_TASK PROMPT_
Only the text belongs in the copy: retype each record exactly as it appears.

Records excerpted from a collection
Segment Open

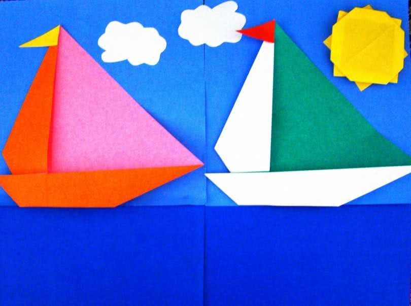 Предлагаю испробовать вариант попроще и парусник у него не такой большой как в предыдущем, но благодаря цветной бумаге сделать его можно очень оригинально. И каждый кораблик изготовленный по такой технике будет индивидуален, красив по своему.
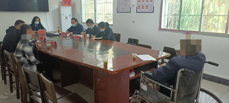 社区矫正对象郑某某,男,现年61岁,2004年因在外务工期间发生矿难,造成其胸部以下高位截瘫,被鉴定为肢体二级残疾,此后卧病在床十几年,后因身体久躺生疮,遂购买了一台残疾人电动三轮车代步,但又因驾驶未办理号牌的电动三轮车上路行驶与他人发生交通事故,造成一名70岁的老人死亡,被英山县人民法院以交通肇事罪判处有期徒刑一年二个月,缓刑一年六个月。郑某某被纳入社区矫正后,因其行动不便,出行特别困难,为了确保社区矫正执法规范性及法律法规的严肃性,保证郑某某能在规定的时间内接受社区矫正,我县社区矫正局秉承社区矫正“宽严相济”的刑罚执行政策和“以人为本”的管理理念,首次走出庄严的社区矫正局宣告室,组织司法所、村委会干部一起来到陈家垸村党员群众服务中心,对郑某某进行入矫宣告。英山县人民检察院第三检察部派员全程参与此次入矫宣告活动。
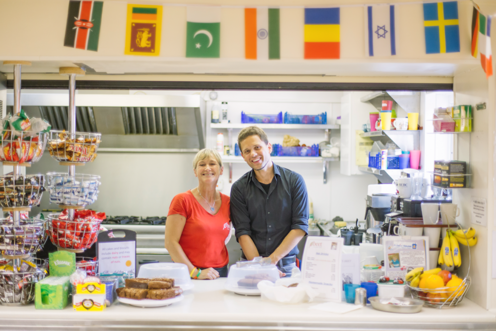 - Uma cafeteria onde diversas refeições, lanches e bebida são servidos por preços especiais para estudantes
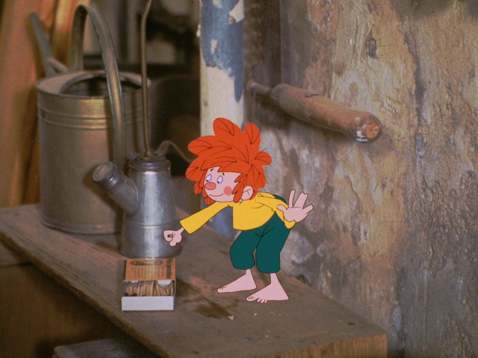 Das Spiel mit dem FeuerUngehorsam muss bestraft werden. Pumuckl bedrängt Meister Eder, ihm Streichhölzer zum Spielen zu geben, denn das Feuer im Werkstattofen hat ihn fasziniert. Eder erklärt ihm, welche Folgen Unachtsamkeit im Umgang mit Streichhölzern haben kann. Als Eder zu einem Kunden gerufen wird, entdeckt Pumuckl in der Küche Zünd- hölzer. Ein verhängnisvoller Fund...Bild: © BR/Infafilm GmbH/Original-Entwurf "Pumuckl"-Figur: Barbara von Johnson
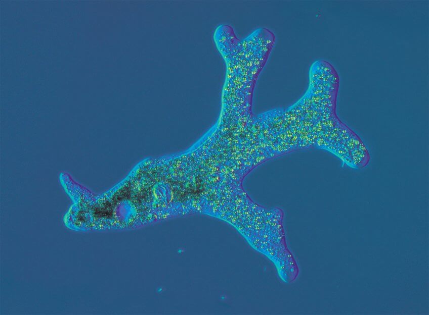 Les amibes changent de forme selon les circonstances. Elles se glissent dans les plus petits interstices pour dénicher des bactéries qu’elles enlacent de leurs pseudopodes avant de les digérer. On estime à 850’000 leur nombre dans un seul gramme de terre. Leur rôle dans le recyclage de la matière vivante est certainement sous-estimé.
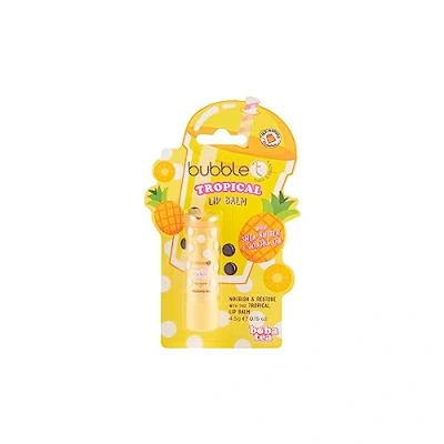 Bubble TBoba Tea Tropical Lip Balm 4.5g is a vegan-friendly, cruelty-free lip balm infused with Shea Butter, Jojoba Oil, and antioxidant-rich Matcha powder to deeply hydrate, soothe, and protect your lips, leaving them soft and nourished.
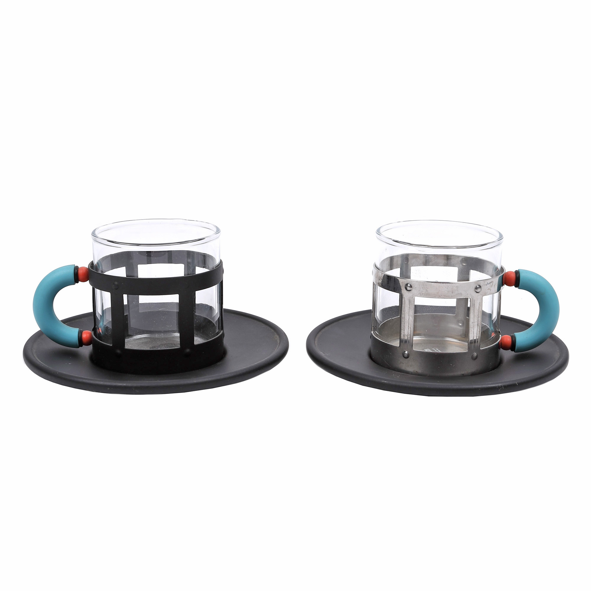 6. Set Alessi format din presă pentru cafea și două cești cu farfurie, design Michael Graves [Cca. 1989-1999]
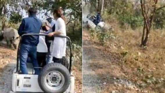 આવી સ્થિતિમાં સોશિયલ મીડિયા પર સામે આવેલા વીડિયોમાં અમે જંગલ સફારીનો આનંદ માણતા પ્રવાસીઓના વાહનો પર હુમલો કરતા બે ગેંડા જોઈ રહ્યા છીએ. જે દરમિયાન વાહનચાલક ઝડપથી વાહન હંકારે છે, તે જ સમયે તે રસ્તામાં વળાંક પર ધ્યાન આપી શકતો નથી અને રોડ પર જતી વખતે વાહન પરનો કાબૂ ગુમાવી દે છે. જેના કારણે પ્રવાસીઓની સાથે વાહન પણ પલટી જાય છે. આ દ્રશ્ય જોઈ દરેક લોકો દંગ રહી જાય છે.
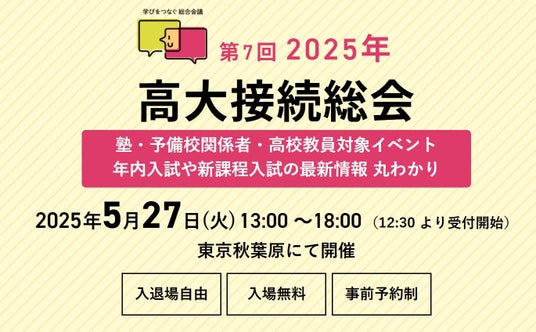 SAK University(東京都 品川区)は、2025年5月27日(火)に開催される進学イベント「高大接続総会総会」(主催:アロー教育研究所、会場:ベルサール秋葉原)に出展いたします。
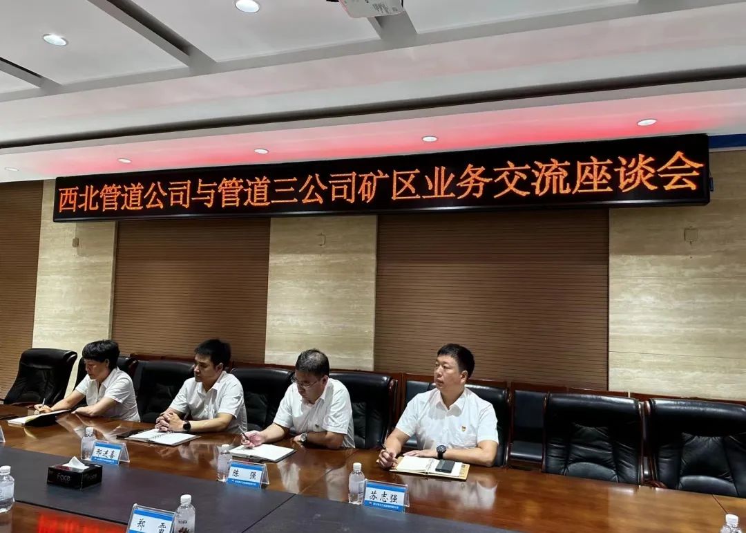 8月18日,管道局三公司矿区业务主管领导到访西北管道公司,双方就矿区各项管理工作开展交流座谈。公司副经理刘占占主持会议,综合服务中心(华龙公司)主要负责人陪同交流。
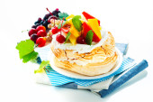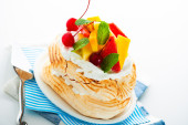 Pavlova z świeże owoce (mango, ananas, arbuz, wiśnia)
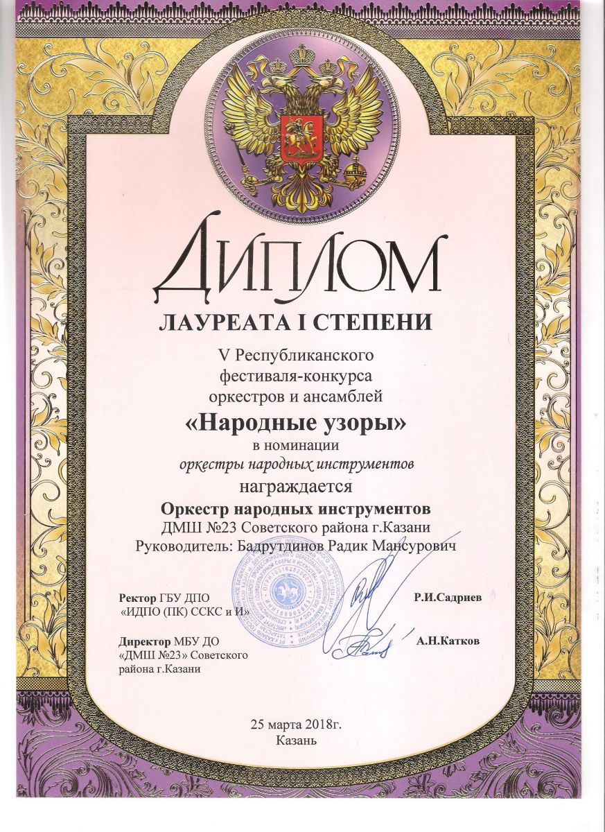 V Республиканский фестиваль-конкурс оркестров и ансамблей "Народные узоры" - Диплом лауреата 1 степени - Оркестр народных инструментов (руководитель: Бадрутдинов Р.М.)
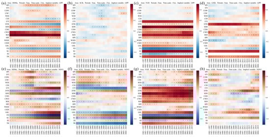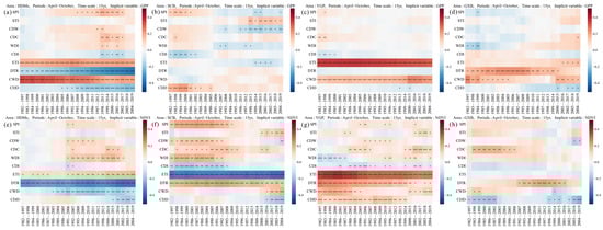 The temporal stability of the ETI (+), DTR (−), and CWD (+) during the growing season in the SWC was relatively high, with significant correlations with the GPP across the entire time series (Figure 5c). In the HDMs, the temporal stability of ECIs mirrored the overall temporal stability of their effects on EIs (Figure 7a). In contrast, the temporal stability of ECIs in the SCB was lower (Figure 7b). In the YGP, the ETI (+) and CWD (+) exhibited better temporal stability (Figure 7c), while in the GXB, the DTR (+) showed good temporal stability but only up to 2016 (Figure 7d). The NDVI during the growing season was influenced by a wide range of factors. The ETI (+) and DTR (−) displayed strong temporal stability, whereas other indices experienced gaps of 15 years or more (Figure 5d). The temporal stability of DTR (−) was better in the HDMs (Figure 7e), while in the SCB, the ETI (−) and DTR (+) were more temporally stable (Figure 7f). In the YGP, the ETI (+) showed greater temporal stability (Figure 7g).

Segment Closed

_TASK ANSWER_
 Предлагаю испробовать вариант попроще и парусник у него не такой большой как в предыдущем, но благодаря цветной бумаге сделать его можно очень оригинально. И каждый кораблик изготовленный по такой технике будет индивидуален, красив по своему.
 社区矫正对象郑某某,男,现年61岁,2004年因在外务工期间发生矿难,造成其胸部以下高位截瘫,被鉴定为肢体二级残疾,此后卧病在床十几年,后因身体久躺生疮,遂购买了一台残疾人电动三轮车代步,但又因驾驶未办理号牌的电动三轮车上路行驶与他人发生交通事故,造成一名70岁的老人死亡,被英山县人民法院以交通肇事罪判处有期徒刑一年二个月,缓刑一年六个月。郑某某被纳入社区矫正后,因其行动不便,出行特别困难,为了确保社区矫正执法规范性及法律法规的严肃性,保证郑某某能在规定的时间内接受社区矫正,我县社区矫正局秉承社区矫正“宽严相济”的刑罚执行政策和“以人为本”的管理理念,首次走出庄严的社区矫正局宣告室,组织司法所、村委会干部一起来到陈家垸村党员群众服务中心,对郑某某进行入矫宣告。英山县人民检察院第三检察部派员全程参与此次入矫宣告活动。
 - Uma cafeteria onde diversas refeições, lanches e bebida são servidos por preços especiais para estudantes
 Das Spiel mit dem FeuerUngehorsam muss bestraft werden. Pumuckl bedrängt Meister Eder, ihm Streichhölzer zum Spielen zu geben, denn das Feuer im Werkstattofen hat ihn fasziniert. Eder erklärt ihm, welche Folgen Unachtsamkeit im Umgang mit Streichhölzern haben kann. Als Eder zu einem Kunden gerufen wird, entdeckt Pumuckl in der Küche Zünd- hölzer. Ein verhängnisvoller Fund...Bild: © BR/Infafilm GmbH/Original-Entwurf "Pumuckl"-Figur: Barbara von Johnson
 Les amibes changent de forme selon les circonstances. Elles se glissent dans les plus petits interstices pour dénicher des bactéries qu’elles enlacent de leurs pseudopodes avant de les digérer. On estime à 850’000 leur nombre dans un seul gramme de terre. Leur rôle dans le recyclage de la matière vivante est certainement sous-estimé.
 Bubble TBoba Tea Tropical Lip Balm 4.5g is a vegan-friendly, cruelty-free lip balm infused with Shea Butter, Jojoba Oil, and antioxidant-rich Matcha powder to deeply hydrate, soothe, and protect your lips, leaving them soft and nourished.
 6. Set Alessi format din presă pentru cafea și două cești cu farfurie, design Michael Graves [Cca. 1989-1999]
 આવી સ્થિતિમાં સોશિયલ મીડિયા પર સામે આવેલા વીડિયોમાં અમે જંગલ સફારીનો આનંદ માણતા પ્રવાસીઓના વાહનો પર હુમલો કરતા બે ગેંડા જોઈ રહ્યા છીએ. જે દરમિયાન વાહનચાલક ઝડપથી વાહન હંકારે છે, તે જ સમયે તે રસ્તામાં વળાંક પર ધ્યાન આપી શકતો નથી અને રોડ પર જતી વખતે વાહન પરનો કાબૂ ગુમાવી દે છે. જેના કારણે પ્રવાસીઓની સાથે વાહન પણ પલટી જાય છે. આ દ્રશ્ય જોઈ દરેક લોકો દંગ રહી જાય છે.
 SAK University(東京都 品川区)は、2025年5月27日(火)に開催される進学イベント「高大接続総会総会」(主催:アロー教育研究所、会場:ベルサール秋葉原)に出展いたします。
 8月18日,管道局三公司矿区业务主管领导到访西北管道公司,双方就矿区各项管理工作开展交流座谈。公司副经理刘占占主持会议,综合服务中心(华龙公司)主要负责人陪同交流。
 Pavlova z świeże owoce (mango, ananas, arbuz, wiśnia)
 V Республиканский фестиваль-конкурс оркестров и ансамблей "Народные узоры" - Диплом лауреата 1 степени - Оркестр народных инструментов (руководитель: Бадрутдинов Р.М.)
 The temporal stability of the ETI (+), DTR (−), and CWD (+) during the growing season in the SWC was relatively high, with significant correlations with the GPP across the entire time series (Figure 5c). In the HDMs, the temporal stability of ECIs mirrored the overall temporal stability of their effects on EIs (Figure 7a). In contrast, the temporal stability of ECIs in the SCB was lower (Figure 7b). In the YGP, the ETI (+) and CWD (+) exhibited better temporal stability (Figure 7c), while in the GXB, the DTR (+) showed good temporal stability but only up to 2016 (Figure 7d). The NDVI during the growing season was influenced by a wide range of factors. The ETI (+) and DTR (−) displayed strong temporal stability, whereas other indices experienced gaps of 15 years or more (Figure 5d). The temporal stability of DTR (−) was better in the HDMs (Figure 7e), while in the SCB, the ETI (−) and DTR (+) were more temporally stable (Figure 7f). In the YGP, the ETI (+) showed greater temporal stability (Figure 7g).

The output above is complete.